— Problem —
Go to the line that contains "这张彩色老照里中西同框,襟袍" in the listing below, then output it and every line after it exactly, omitting pictures.

— Given information —

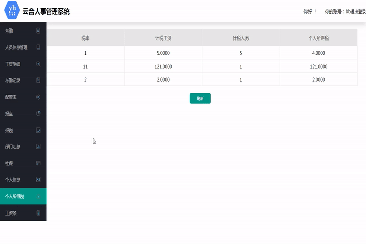 此模塊統計此系統下所有員工的個人所得稅,按稅率匯總。
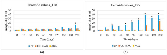 Trends in peroxide content during the storage period at 10 °C (a) and 25 °C (b). Vial materials: PP = polypropylene, CG = clear glass; AG = amber glass; AGA = amber glass covered with aluminum foil. ANOVA: * p < 0.05.
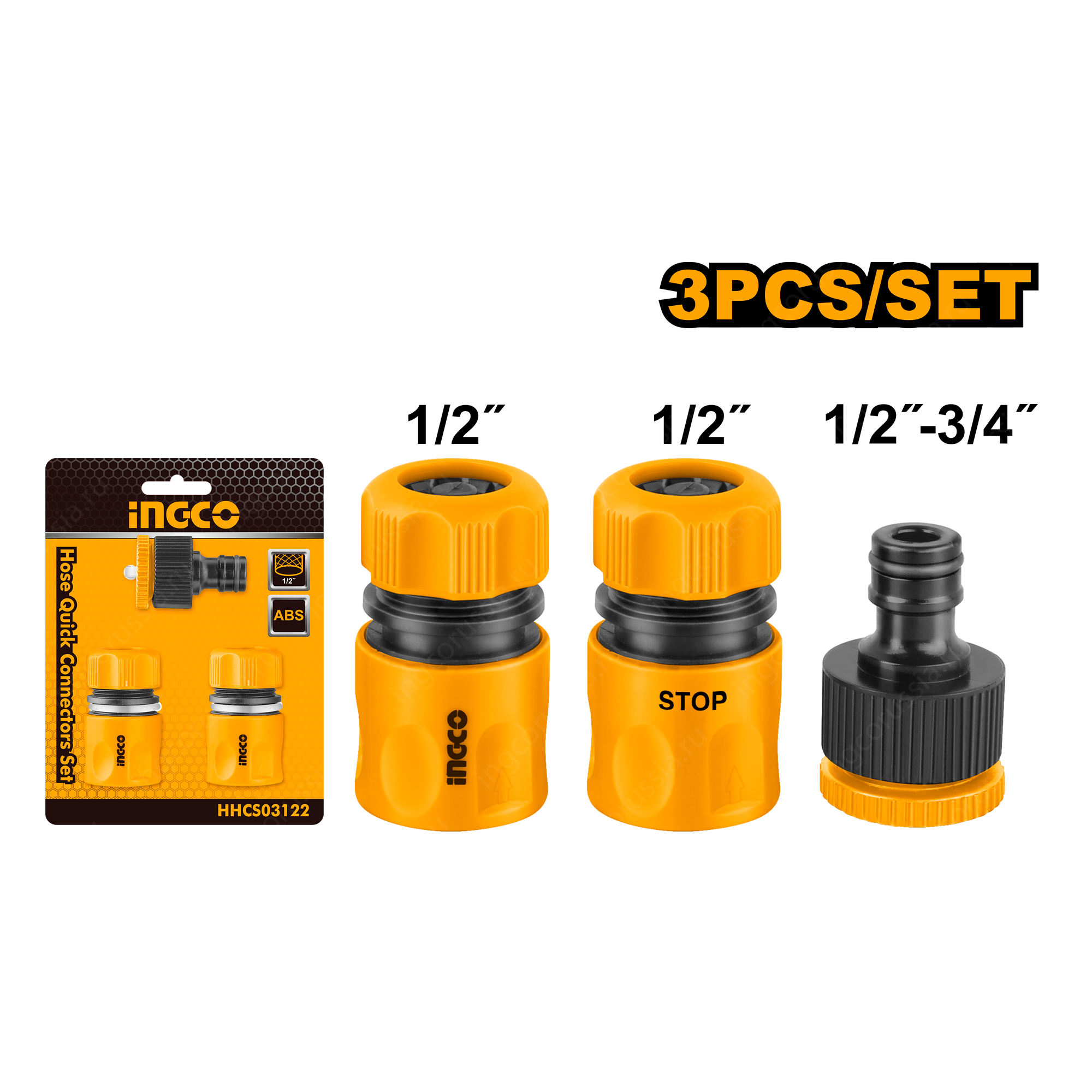 Набор соединителей для шлангов 3 шт 1/2" INGCO HHCS03122 состоит из двух коннекторов 1/2'' и штуцера 1/2'' - 3/4''.
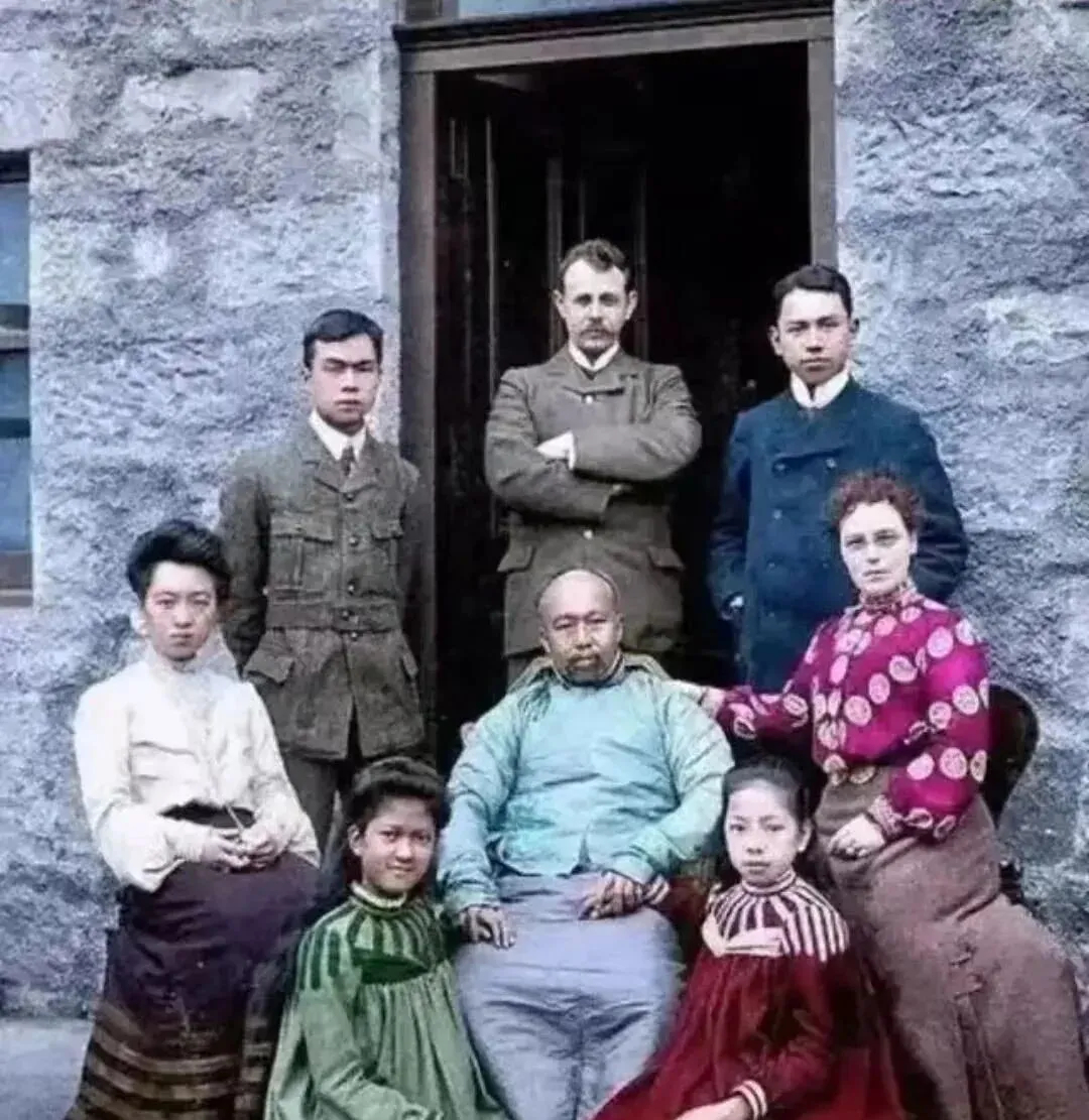 这张彩色老照里中西同框,襟袍配洋裙,叫留影馆的异风照,衣料子看着就讲究,亮而不扎眼,外婆说那会儿新鲜东西往家闯得快,先换衣裳,再换规矩,桌上的茶点从瓜子变成了饼干,孩子嘴也就叼了。
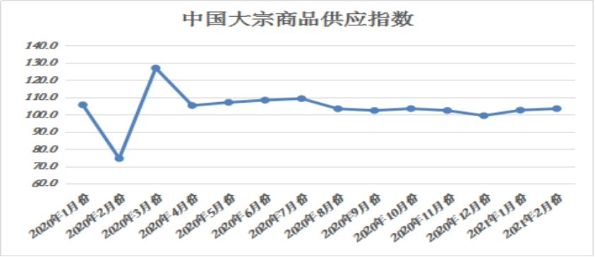 2020年2月份,大宗商品供應指數為(wei) 103.4%,指數兩(liang) 連升至近四個(ge) 月的高點,顯示今年受各地紛紛提倡“就地過年”以及生產(chan) 利潤回升的影響,企業(ye) 生產(chan) 熱情持續高漲,且對節後開工、複工預期樂(le) 觀,商品產(chan) 量居高不下,整體(ti) 供應量持續增加。各主要商品中,除汽車受產(chan) 量減少影響有所下降外,其餘(yu) 品種供應量均呈現增長態勢。
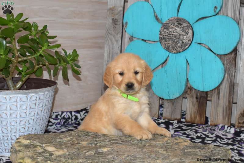 Sky is a happy Golden Retriever puppy who loves to play and can be registered with the AKC. This cutie comes home with a health guarantee provided by the breeder, plus has been seen by a vet and is up to date on shots and de-wormer. Sky is socialized, family raised with children, and ready to be the best addition to her forever family!
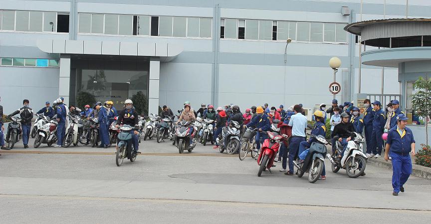 Công nhân KCN Nomura trong ngày đầu tiên làm việc sau dịp Tết nguyên đán
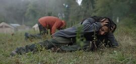 孢子迷雾包围了营地,阿尔玛试图进入却头痛欲裂。扎克留下了一个树枝扎成的人形(《湮灭》既视感)让他们感到了威胁。阿尔玛冒险穿上防护服试图穿越迷雾,在嗑药般迷幻之旅后精神崩溃又被拽了回来。——感觉这段效果能做的更癫狂一些就好了,比《腐国恶土》的效果差一些。阿尔玛不断预知般的看到了自己在影片结尾时的形象。
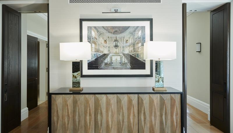 The apartment features a grand reception room which is generously proportioned offering elegant living and entertaining space. The spacious Bulthaup kitchen which is fully equipped with Gaggenau appliances & a dining room which features spectacular cornicing with rich dark tones have been used in this stylish dining area to create a prestigious atmosphere, perfectly designed for relaxed gatherings with friends or family alike, or equally appointed for more formal entertaining.
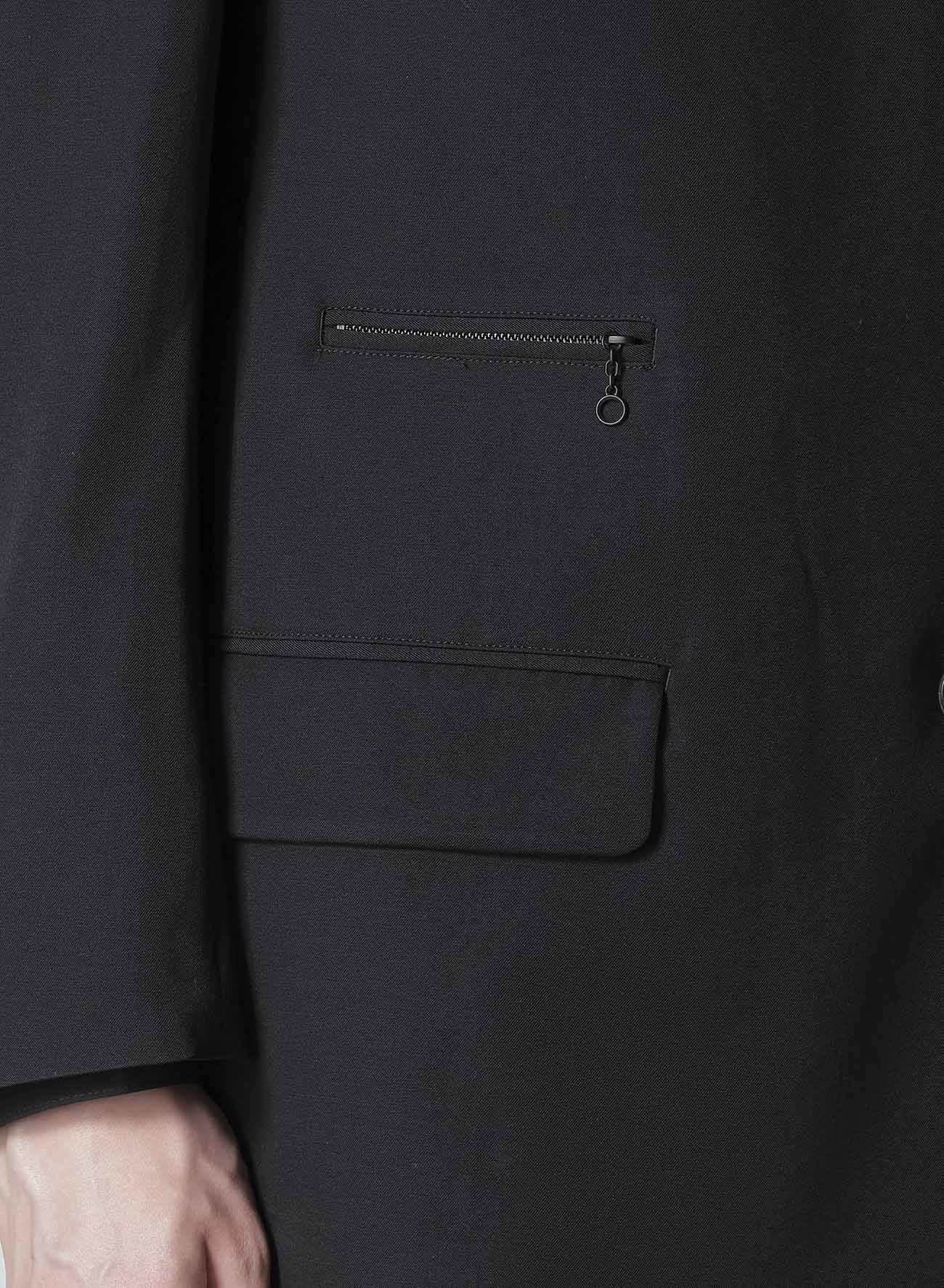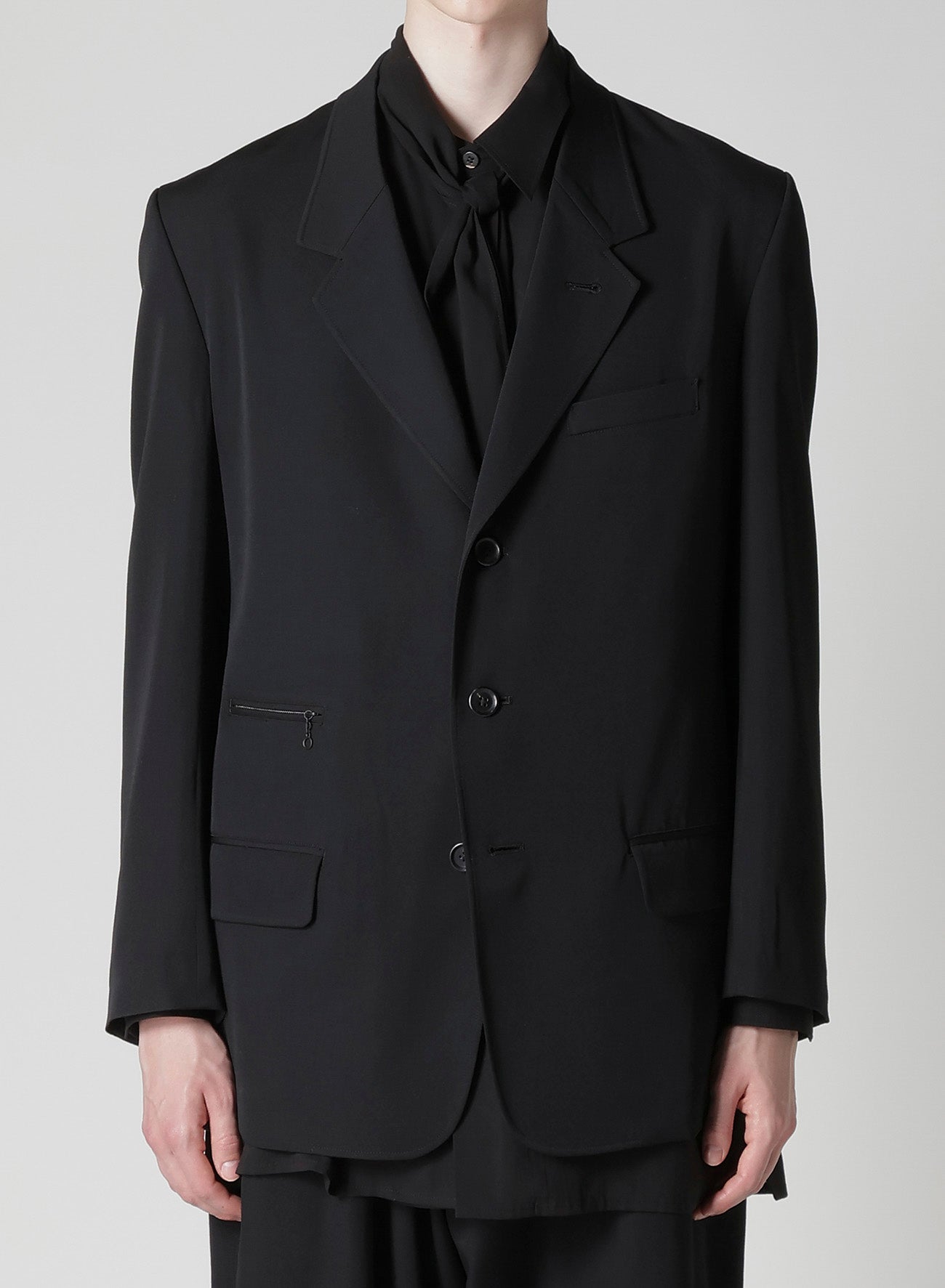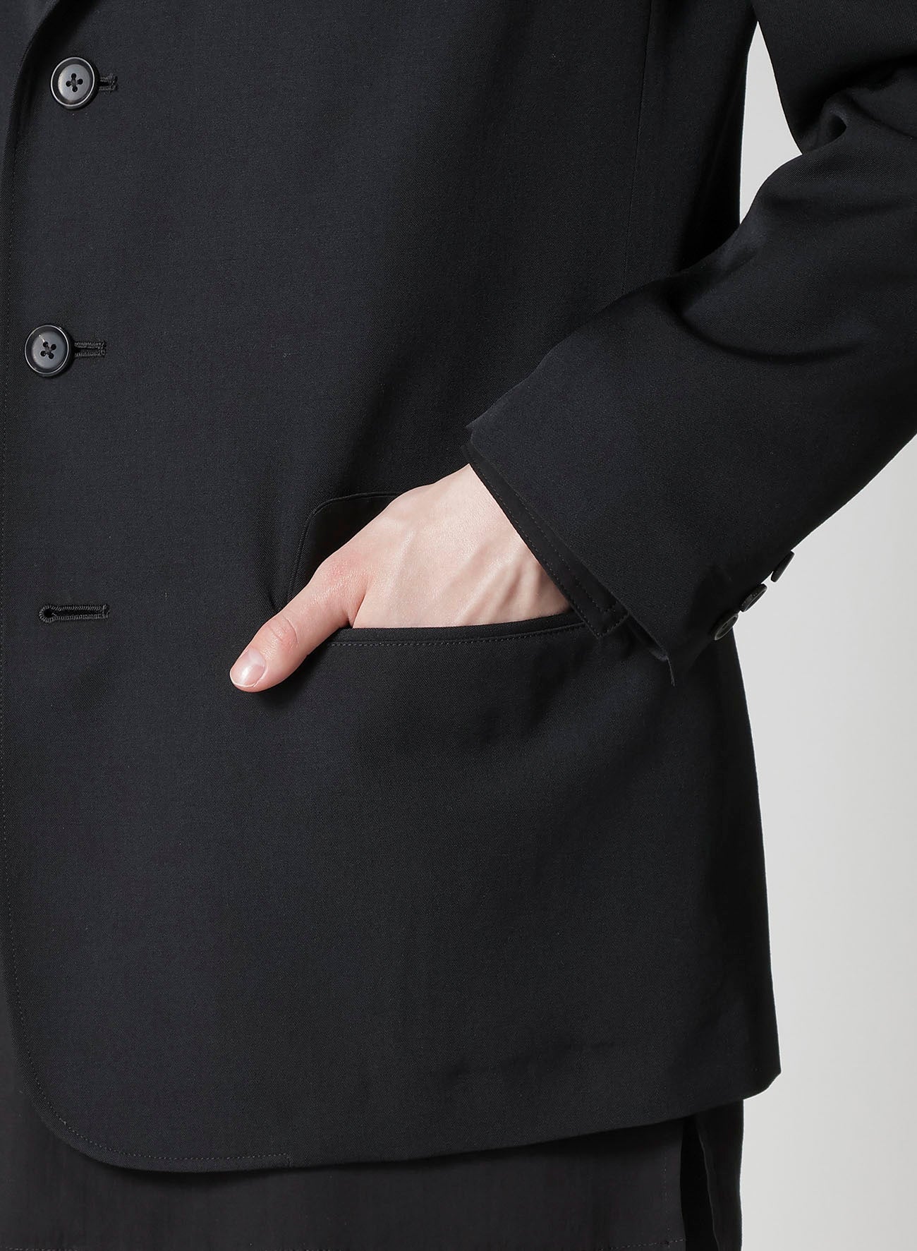 This wool gabardine three-button jacket uses a signature material from Yohji Yamamoto, which is lightly wrinkled during finishing to enhance the wool's natural texture. The classic design suits business and occasion scenes, featuring subtle stitching and a zipper change pocket. Model images may differ from the actual product in fit and texture.
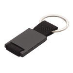 Elegancki brelok o czarnej matowej powierzchni. Wykonany z metalu i poliestru.
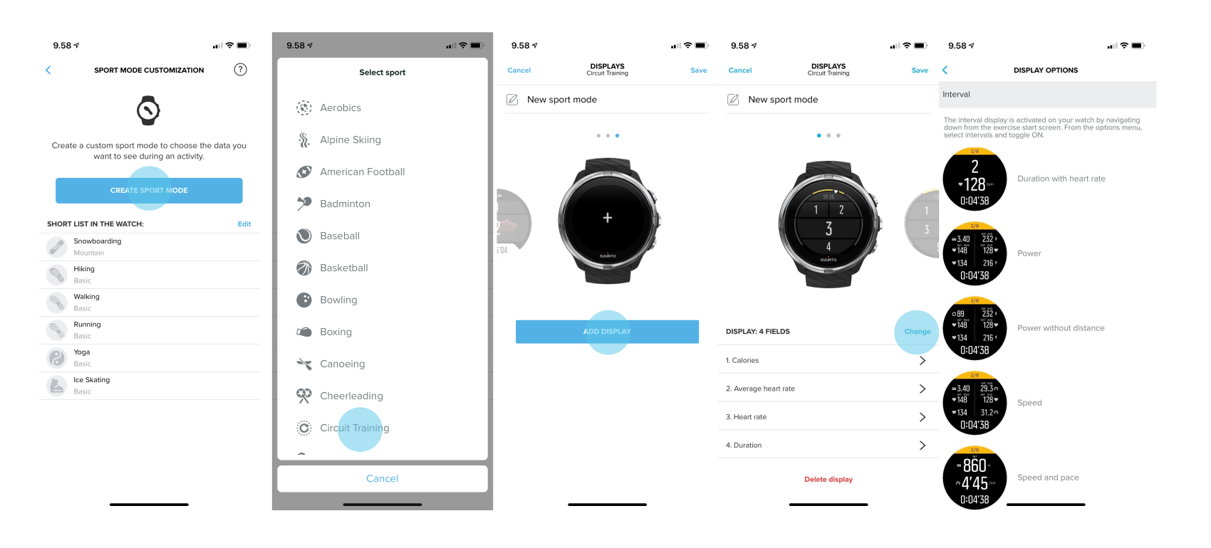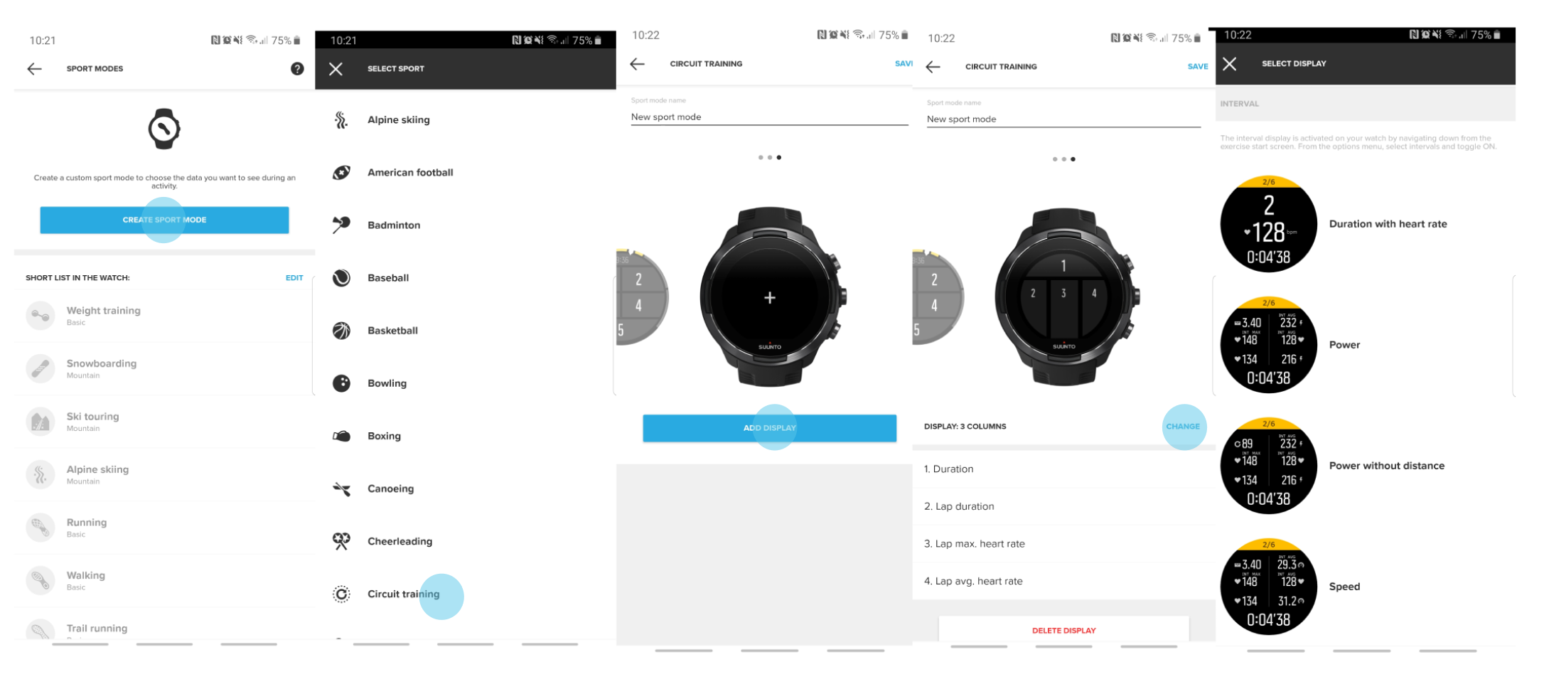 然而,间歇训练在 自定义 运动模式中默认不可用。如果您想在使用自定义运动模式时进行间歇训练,请确保您的运动模式显示之一是“间歇”显示。在运动模式自定义过程中,您需要通过 Suunto应用程序添加上述间歇显示。将更改同步到您的手表,并按照上述步骤操作。

— Result of this task —
 这张彩色老照里中西同框,襟袍配洋裙,叫留影馆的异风照,衣料子看着就讲究,亮而不扎眼,外婆说那会儿新鲜东西往家闯得快,先换衣裳,再换规矩,桌上的茶点从瓜子变成了饼干,孩子嘴也就叼了。
 2020年2月份,大宗商品供應指數為(wei) 103.4%,指數兩(liang) 連升至近四個(ge) 月的高點,顯示今年受各地紛紛提倡“就地過年”以及生產(chan) 利潤回升的影響,企業(ye) 生產(chan) 熱情持續高漲,且對節後開工、複工預期樂(le) 觀,商品產(chan) 量居高不下,整體(ti) 供應量持續增加。各主要商品中,除汽車受產(chan) 量減少影響有所下降外,其餘(yu) 品種供應量均呈現增長態勢。
 Sky is a happy Golden Retriever puppy who loves to play and can be registered with the AKC. This cutie comes home with a health guarantee provided by the breeder, plus has been seen by a vet and is up to date on shots and de-wormer. Sky is socialized, family raised with children, and ready to be the best addition to her forever family!
 Công nhân KCN Nomura trong ngày đầu tiên làm việc sau dịp Tết nguyên đán
 孢子迷雾包围了营地,阿尔玛试图进入却头痛欲裂。扎克留下了一个树枝扎成的人形(《湮灭》既视感)让他们感到了威胁。阿尔玛冒险穿上防护服试图穿越迷雾,在嗑药般迷幻之旅后精神崩溃又被拽了回来。——感觉这段效果能做的更癫狂一些就好了,比《腐国恶土》的效果差一些。阿尔玛不断预知般的看到了自己在影片结尾时的形象。
 The apartment features a grand reception room which is generously proportioned offering elegant living and entertaining space. The spacious Bulthaup kitchen which is fully equipped with Gaggenau appliances & a dining room which features spectacular cornicing with rich dark tones have been used in this stylish dining area to create a prestigious atmosphere, perfectly designed for relaxed gatherings with friends or family alike, or equally appointed for more formal entertaining.
 This wool gabardine three-button jacket uses a signature material from Yohji Yamamoto, which is lightly wrinkled during finishing to enhance the wool's natural texture. The classic design suits business and occasion scenes, featuring subtle stitching and a zipper change pocket. Model images may differ from the actual product in fit and texture.
 Elegancki brelok o czarnej matowej powierzchni. Wykonany z metalu i poliestru.
 然而,间歇训练在 自定义 运动模式中默认不可用。如果您想在使用自定义运动模式时进行间歇训练,请确保您的运动模式显示之一是“间歇”显示。在运动模式自定义过程中,您需要通过 Suunto应用程序添加上述间歇显示。将更改同步到您的手表,并按照上述步骤操作。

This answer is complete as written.